インドネシアの内需は信用創造の増加に助けられ、引き続き堅調で、インフレ率は年末までに5%程度になると見られています。IMFは、過剰流動性を金融システムの中から取り除くことで、金融政策に対する投資家の信頼性が向上するだろうと論じています。
政府の財政政策
インドネシアの財政赤字は今年GDPの1.8%程度になるものと見られています。これはアジア新興国の平均(3%程度)に比べて健全です。
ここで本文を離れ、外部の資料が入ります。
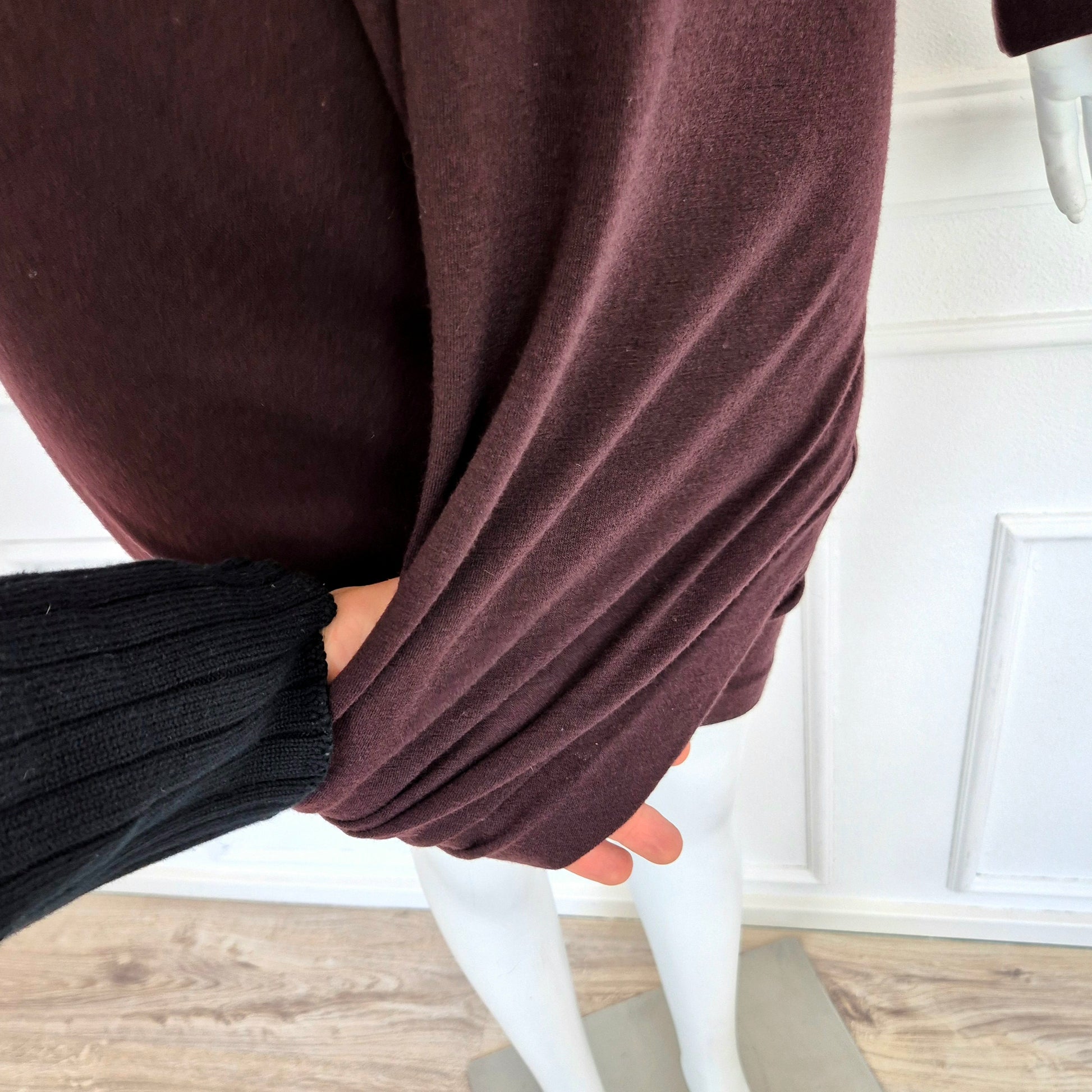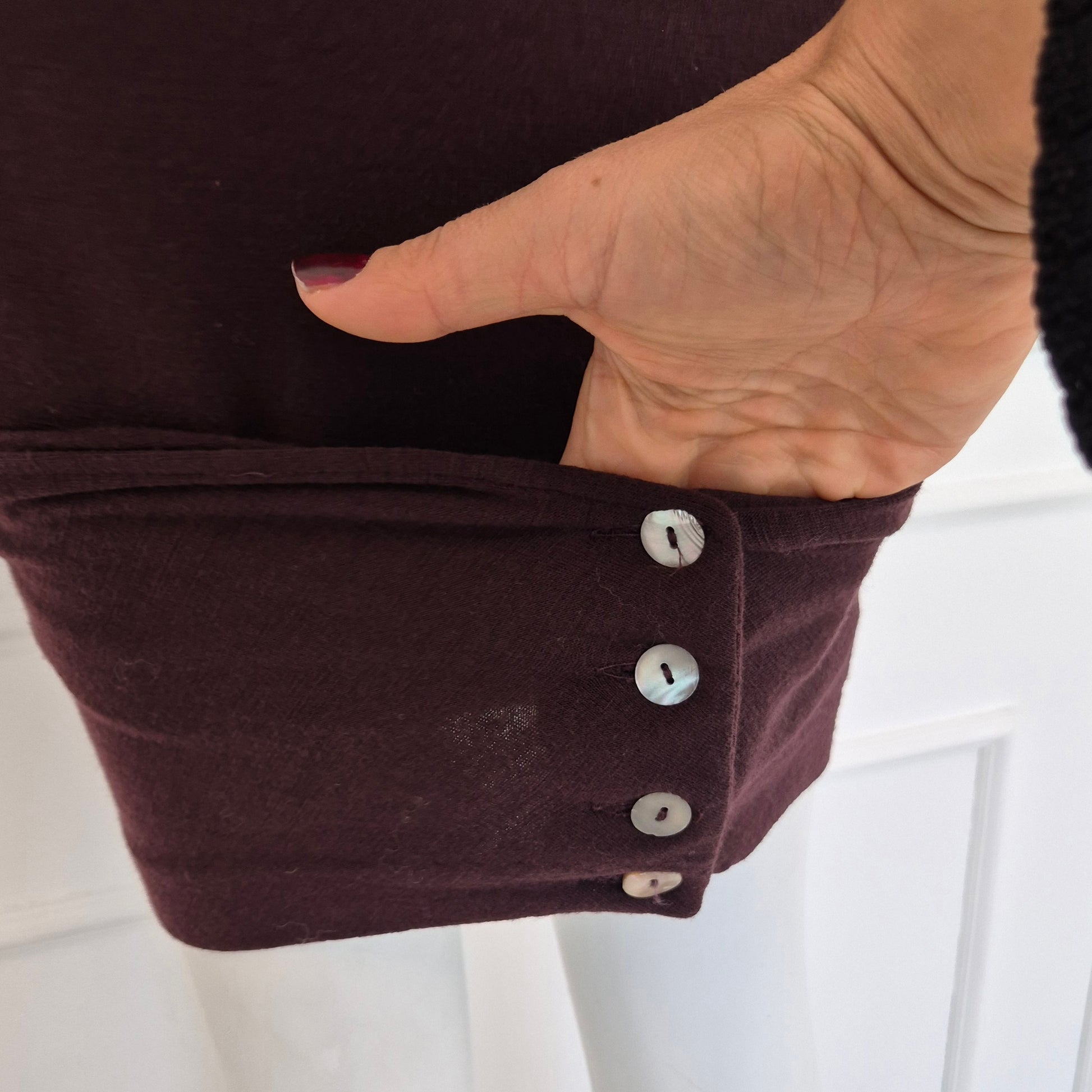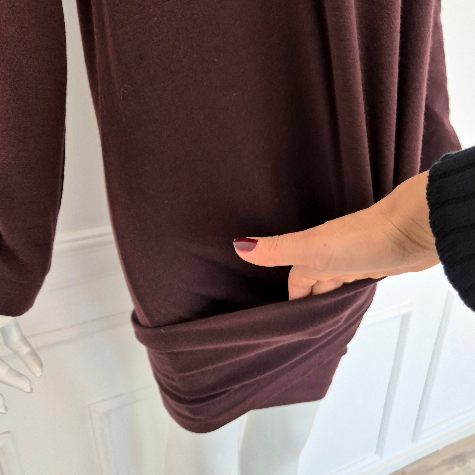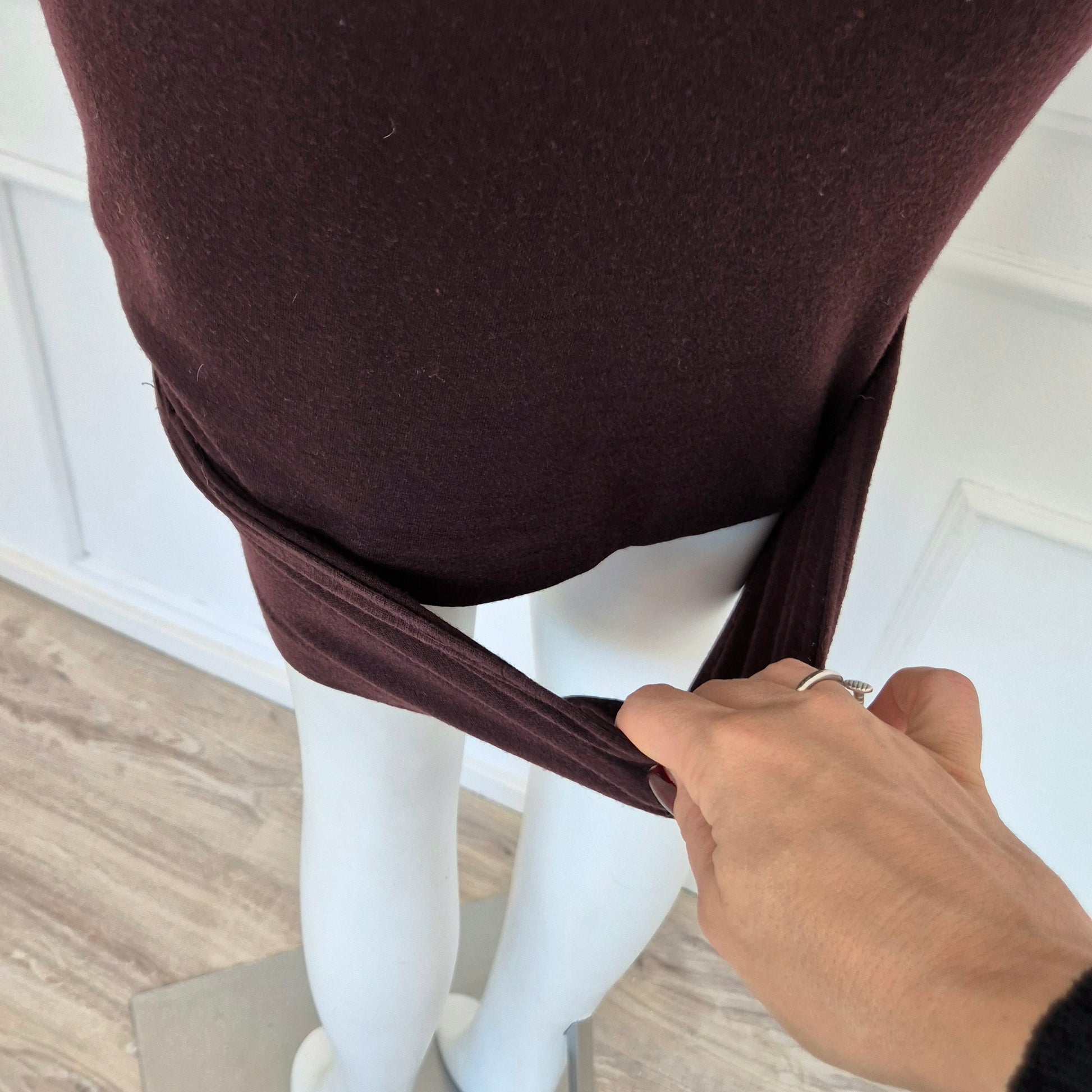 ROMEO GIGLI (fall winter 1988) abito vintage in misto lana color melanzana / vinaccia, una delle tonalità più care allo stilista. Scollo rotondo, manica lunga, linea aderente sul corpo, abbraccia le forme e si ammorbidisce scendendo verso il fondo, dove si incrocia sul retro grazie alla fascia chiusa da bottoni in madreperla naturale.

IMFはさらに財政の健全化を押し進めるために、燃料に対する補助金を減らした方が良いだろうと提言しています。
インドネシアは1990年代に起こったアジア通貨危機で大きな痛手を受けた国のひとつですが、国家負債のGDPに対する比率が2001年の76%から現在は25%に下がっていることからもわかる通り、見違えるような体質改善が実現されています。
また外貨準備もリーマンショック後の安値から、ほぼ2倍に増えています。
現在のインドネシアの外貨準備高は輸入の6.7カ月分であり、また短期負債(未償還ベース)の238%に相当します。
経常収支
インドネシアの経常収支は少し赤字に傾くと予想されています。
この理由は世界的な景気低迷で輸出が伸び悩む一方で、輸入は国内における積極的な投資拡大を背景に20%近い成長を見ているからです。
インドネシアの主な輸出品は、石油・天然ガス、石炭などのエネルギー関連の貿易商品になります。
投資家のセンチメント
資本市場の参加者はこのところの中国の景気の冷え込みを見て、新興国への投資に躊躇気味です。この環境下でインドネシアへの投資も神経質になっています。つまりインドネシアの株式市場や通貨の動きは、同国のファンダメンタルズもさることながら、アジア新興国全体への投資家のセンチメントによって左右されている部分が大きいと思われます。